### Saved data entries
────────────────────────────────────────

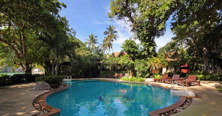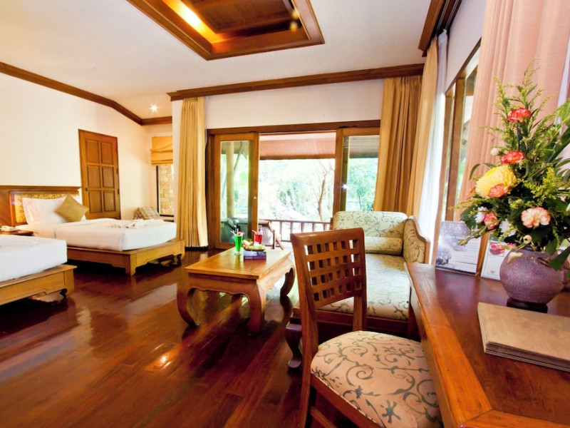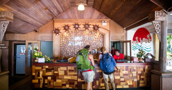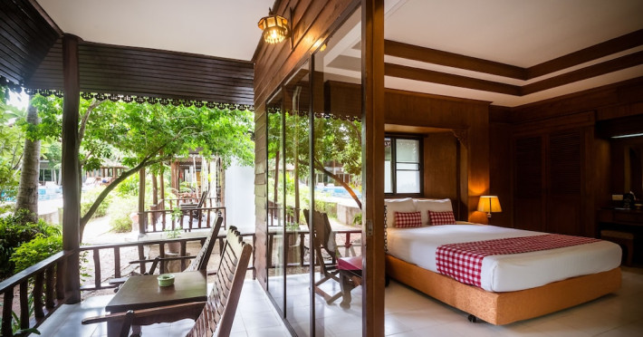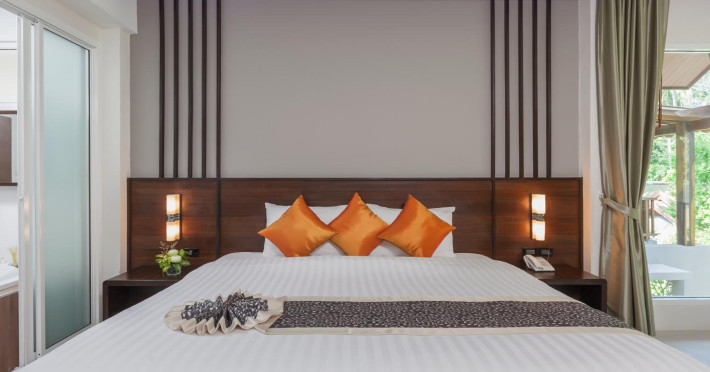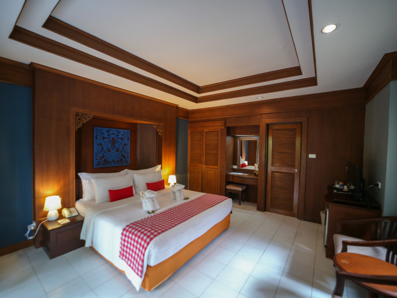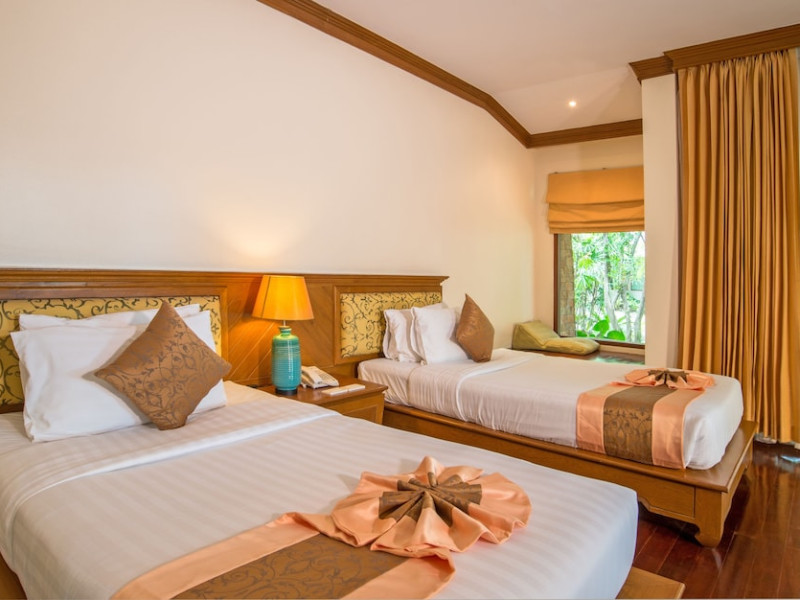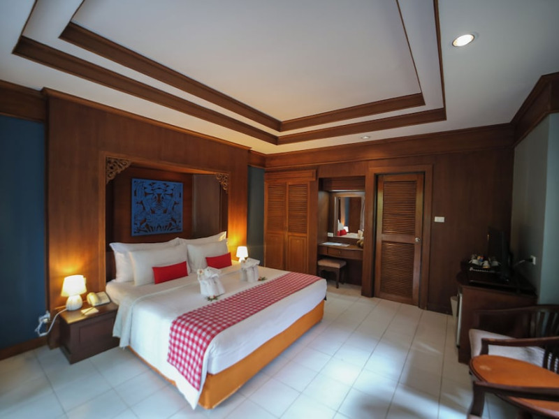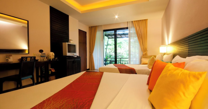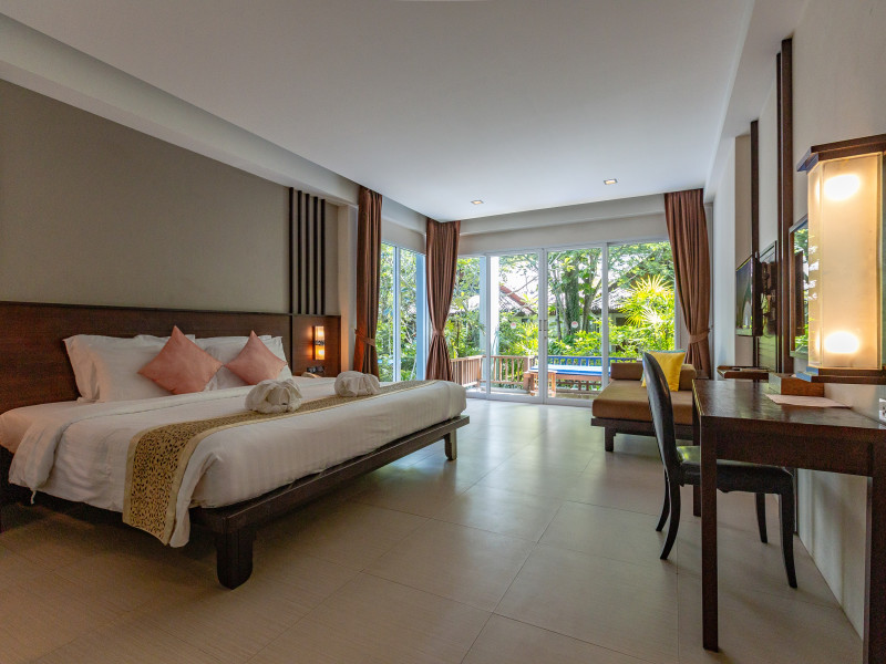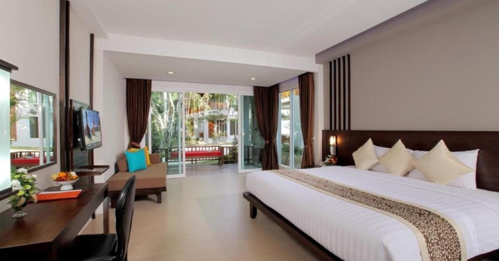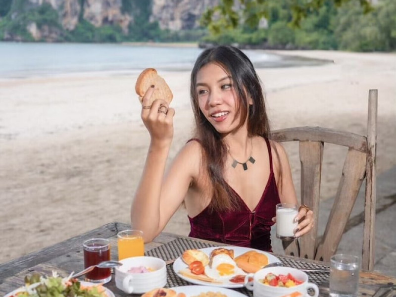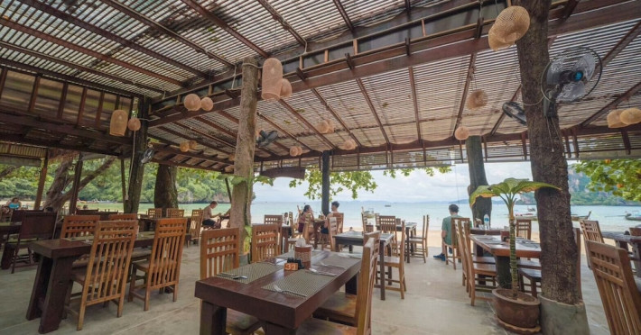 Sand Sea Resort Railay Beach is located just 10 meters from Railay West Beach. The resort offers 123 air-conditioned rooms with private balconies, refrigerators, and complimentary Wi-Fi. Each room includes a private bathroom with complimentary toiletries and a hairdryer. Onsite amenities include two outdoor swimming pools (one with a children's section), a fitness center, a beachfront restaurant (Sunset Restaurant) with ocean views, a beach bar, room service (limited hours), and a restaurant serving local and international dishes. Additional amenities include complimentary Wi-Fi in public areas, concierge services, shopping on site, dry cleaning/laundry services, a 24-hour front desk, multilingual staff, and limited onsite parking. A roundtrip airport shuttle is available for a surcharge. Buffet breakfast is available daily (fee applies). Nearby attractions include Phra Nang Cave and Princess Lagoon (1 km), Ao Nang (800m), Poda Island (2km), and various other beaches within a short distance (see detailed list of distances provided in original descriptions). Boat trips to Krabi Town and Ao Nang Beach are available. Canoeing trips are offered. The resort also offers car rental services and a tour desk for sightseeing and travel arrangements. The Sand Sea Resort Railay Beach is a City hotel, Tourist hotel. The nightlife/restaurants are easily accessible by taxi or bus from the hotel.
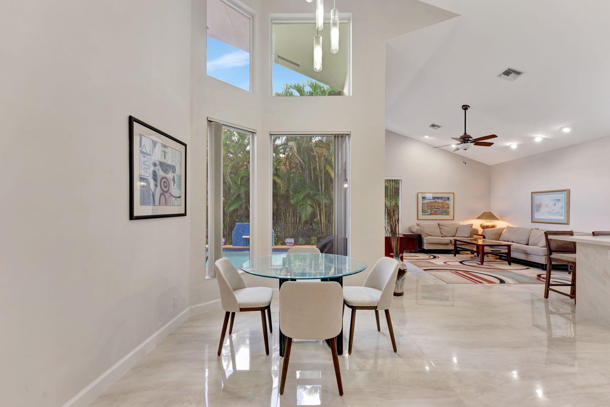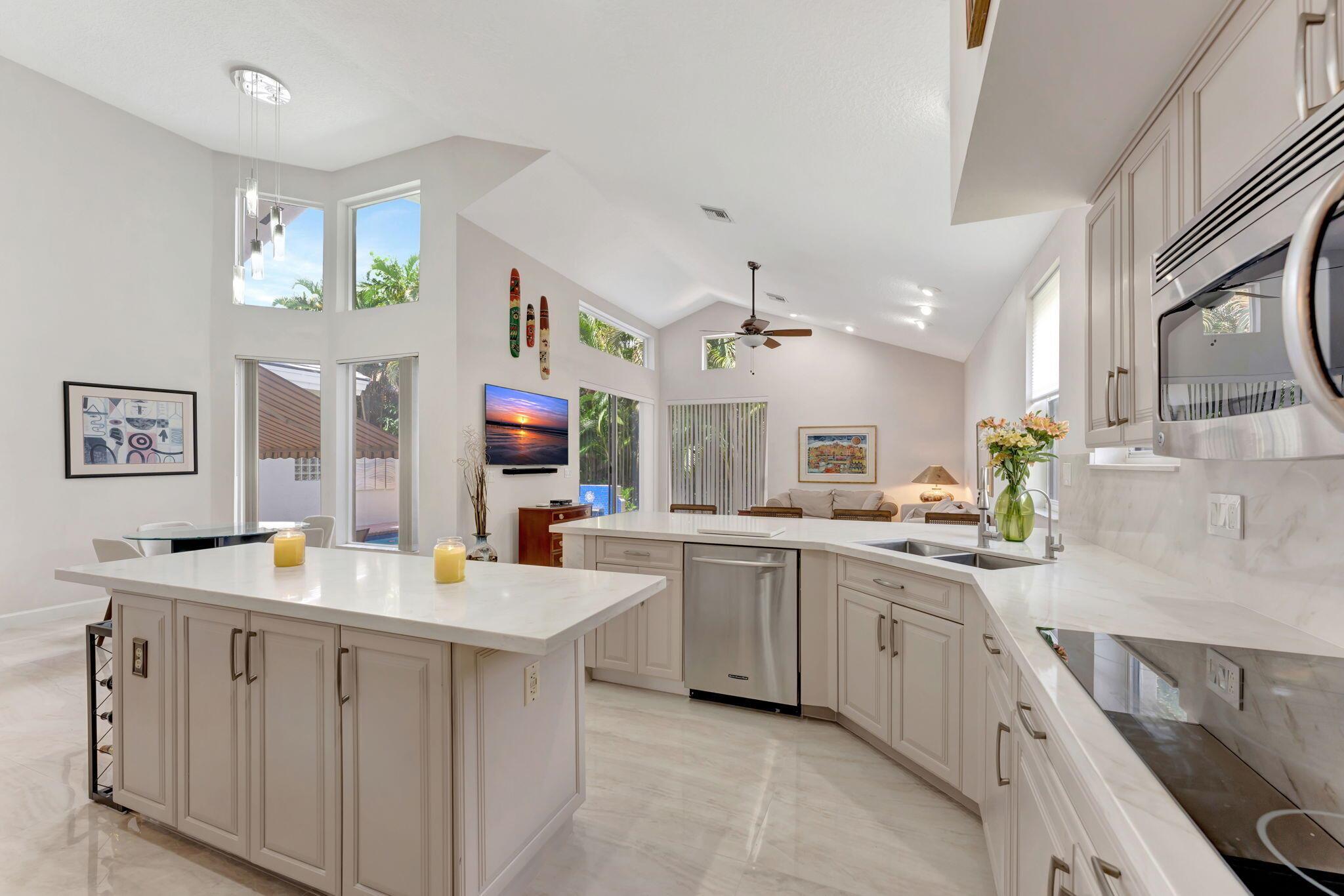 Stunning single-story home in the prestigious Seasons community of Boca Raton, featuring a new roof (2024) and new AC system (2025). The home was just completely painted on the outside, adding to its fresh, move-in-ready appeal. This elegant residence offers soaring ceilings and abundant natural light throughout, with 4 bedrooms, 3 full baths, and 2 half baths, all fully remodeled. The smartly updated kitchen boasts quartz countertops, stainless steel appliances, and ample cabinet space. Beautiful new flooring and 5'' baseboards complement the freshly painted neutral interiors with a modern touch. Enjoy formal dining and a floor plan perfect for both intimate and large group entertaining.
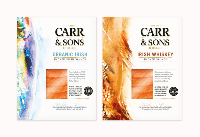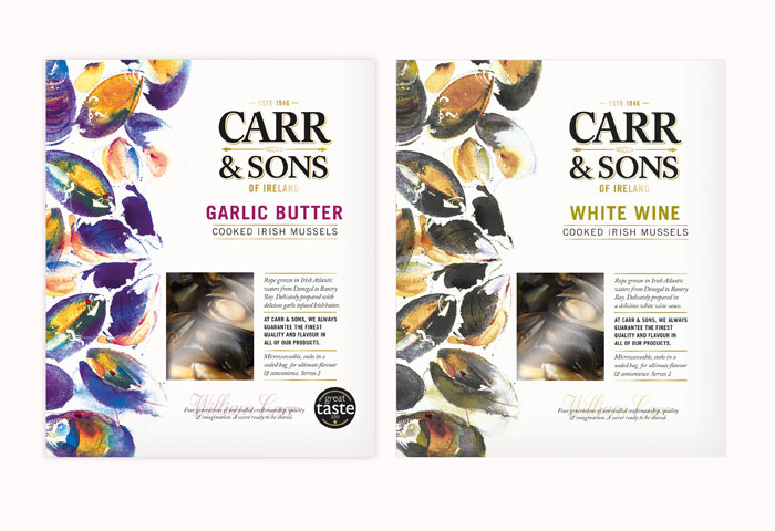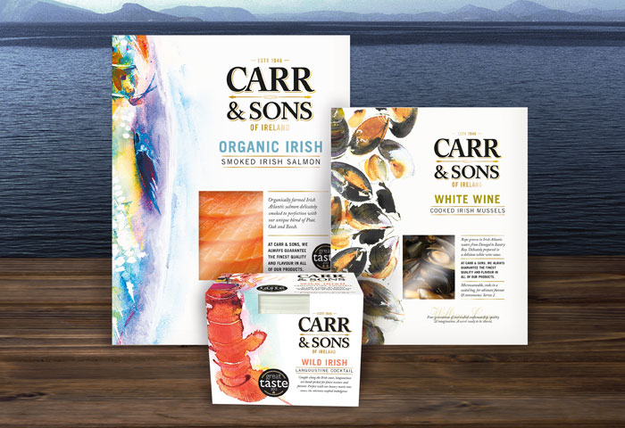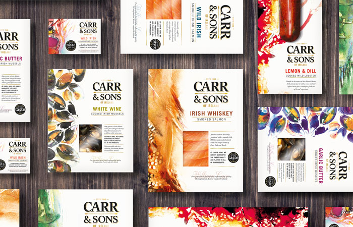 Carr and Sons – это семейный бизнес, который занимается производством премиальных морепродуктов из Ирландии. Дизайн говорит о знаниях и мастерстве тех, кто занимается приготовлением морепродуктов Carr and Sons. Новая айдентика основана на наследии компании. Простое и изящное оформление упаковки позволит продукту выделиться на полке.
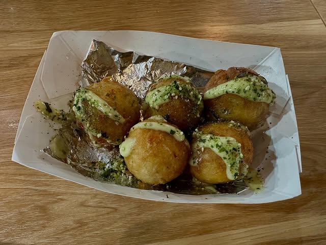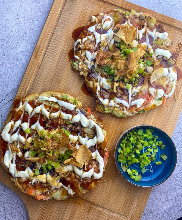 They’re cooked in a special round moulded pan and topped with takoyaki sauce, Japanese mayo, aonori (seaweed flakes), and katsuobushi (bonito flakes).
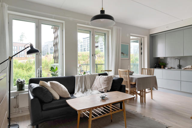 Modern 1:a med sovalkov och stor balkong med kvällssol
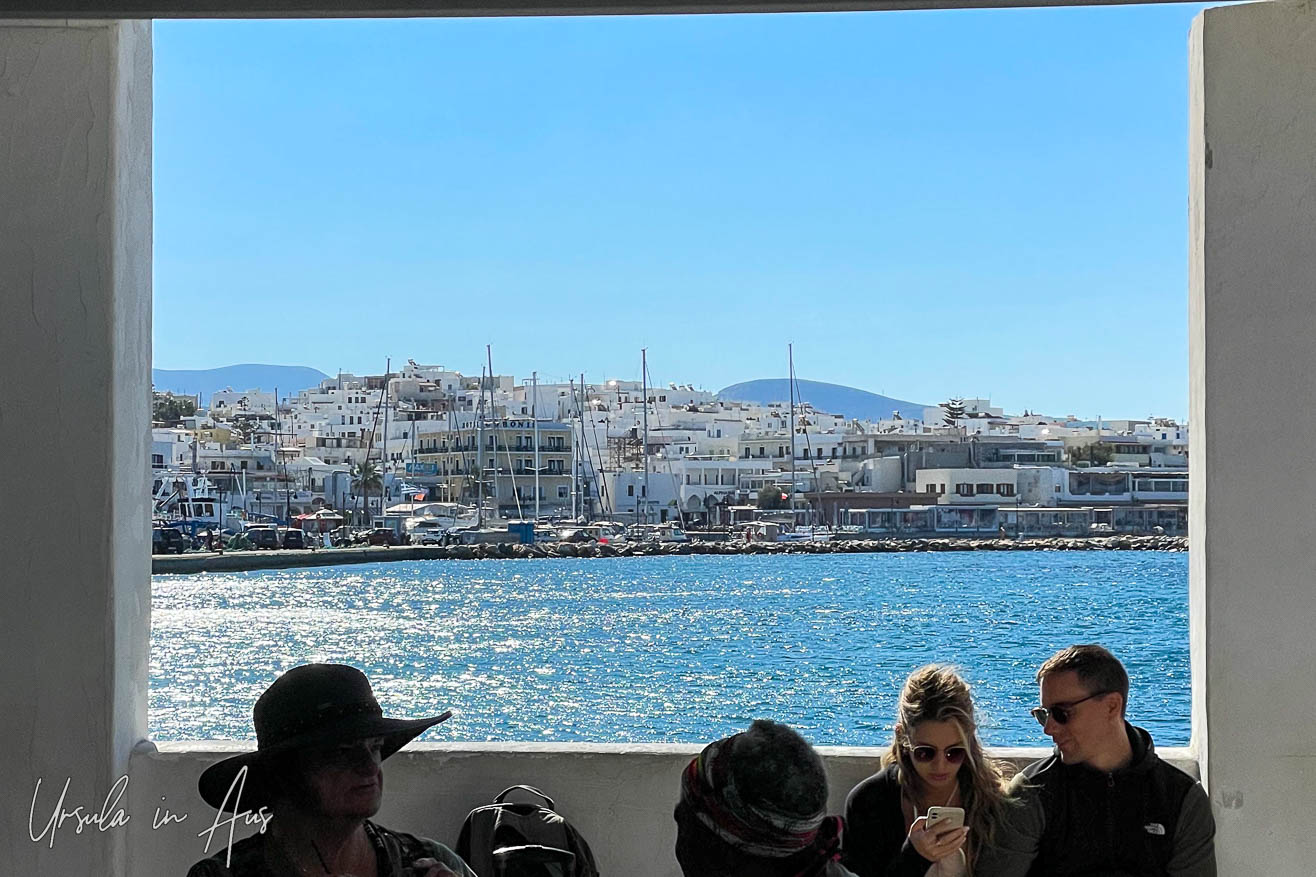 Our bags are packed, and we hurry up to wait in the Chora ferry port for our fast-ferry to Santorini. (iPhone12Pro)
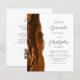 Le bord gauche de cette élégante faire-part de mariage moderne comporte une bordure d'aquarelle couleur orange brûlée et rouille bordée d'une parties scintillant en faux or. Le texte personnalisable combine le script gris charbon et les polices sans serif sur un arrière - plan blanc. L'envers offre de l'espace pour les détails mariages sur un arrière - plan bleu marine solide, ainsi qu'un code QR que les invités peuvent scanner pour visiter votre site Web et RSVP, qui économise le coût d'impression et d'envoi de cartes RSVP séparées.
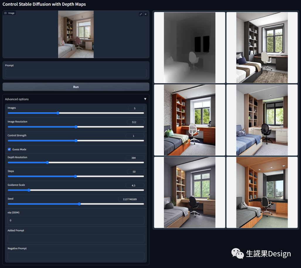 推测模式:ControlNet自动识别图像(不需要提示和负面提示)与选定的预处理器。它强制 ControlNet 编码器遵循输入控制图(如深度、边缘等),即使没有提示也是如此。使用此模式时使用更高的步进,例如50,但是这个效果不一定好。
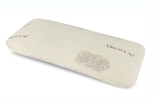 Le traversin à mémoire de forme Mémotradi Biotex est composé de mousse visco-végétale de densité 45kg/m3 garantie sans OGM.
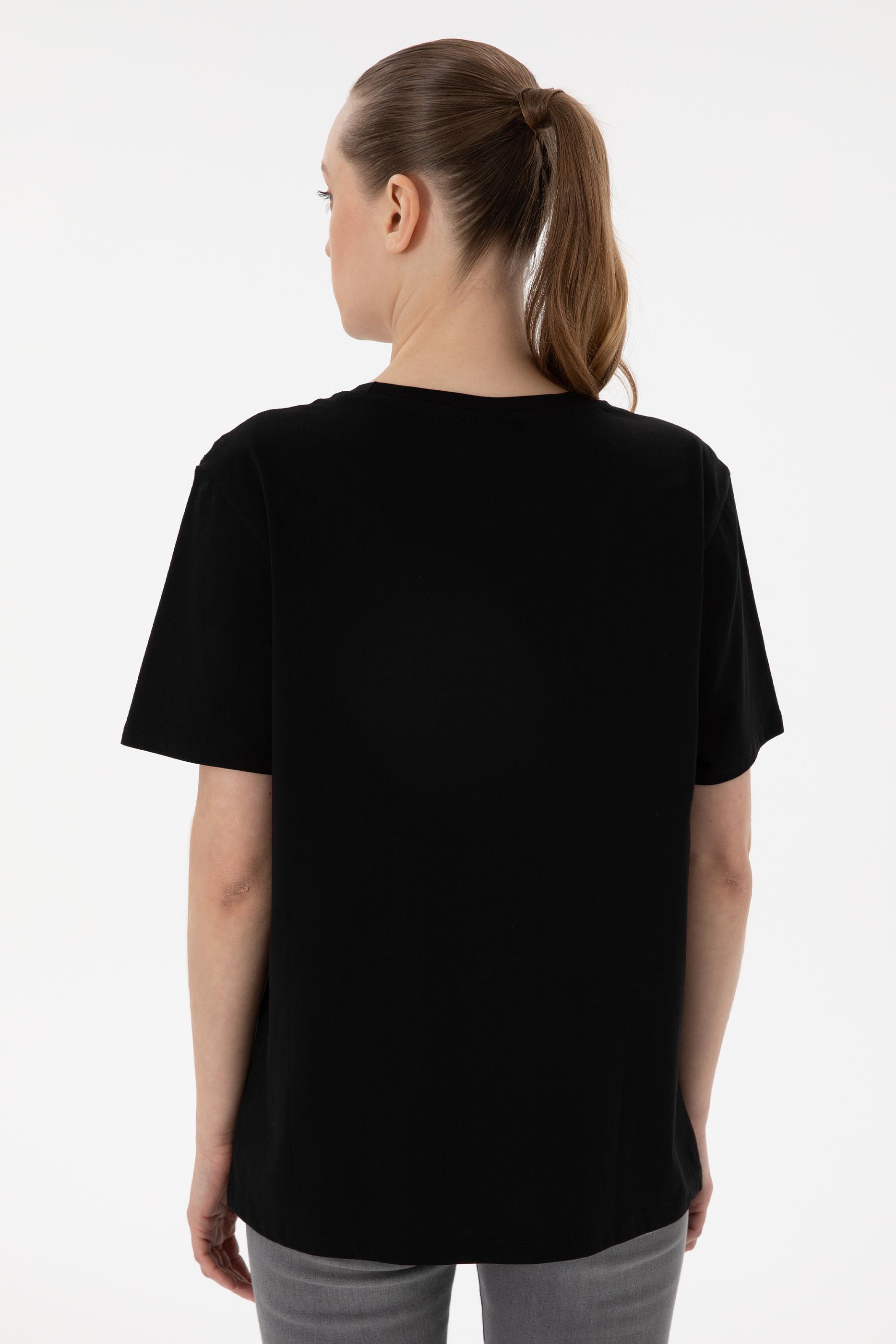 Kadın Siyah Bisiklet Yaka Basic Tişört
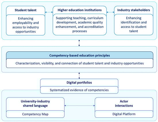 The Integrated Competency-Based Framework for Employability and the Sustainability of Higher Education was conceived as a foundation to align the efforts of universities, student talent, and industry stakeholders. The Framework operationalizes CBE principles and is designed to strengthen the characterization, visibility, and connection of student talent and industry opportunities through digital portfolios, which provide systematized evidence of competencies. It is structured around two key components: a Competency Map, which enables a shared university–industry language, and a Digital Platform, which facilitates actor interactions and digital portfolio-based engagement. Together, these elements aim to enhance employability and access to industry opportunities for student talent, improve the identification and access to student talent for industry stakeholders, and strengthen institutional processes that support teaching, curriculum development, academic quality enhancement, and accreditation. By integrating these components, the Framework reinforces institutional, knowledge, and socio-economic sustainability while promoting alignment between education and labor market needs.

────────────────────────────────────────

Lines from the one above containing "Le traversin à" down to the one containing "Kadın Siyah Bisiklet Yaka Basic Tişört" should be transcribed exactly, with both ends kept and no pictures.

### SOLUTION
 Le traversin à mémoire de forme Mémotradi Biotex est composé de mousse visco-végétale de densité 45kg/m3 garantie sans OGM.
 Kadın Siyah Bisiklet Yaka Basic Tişört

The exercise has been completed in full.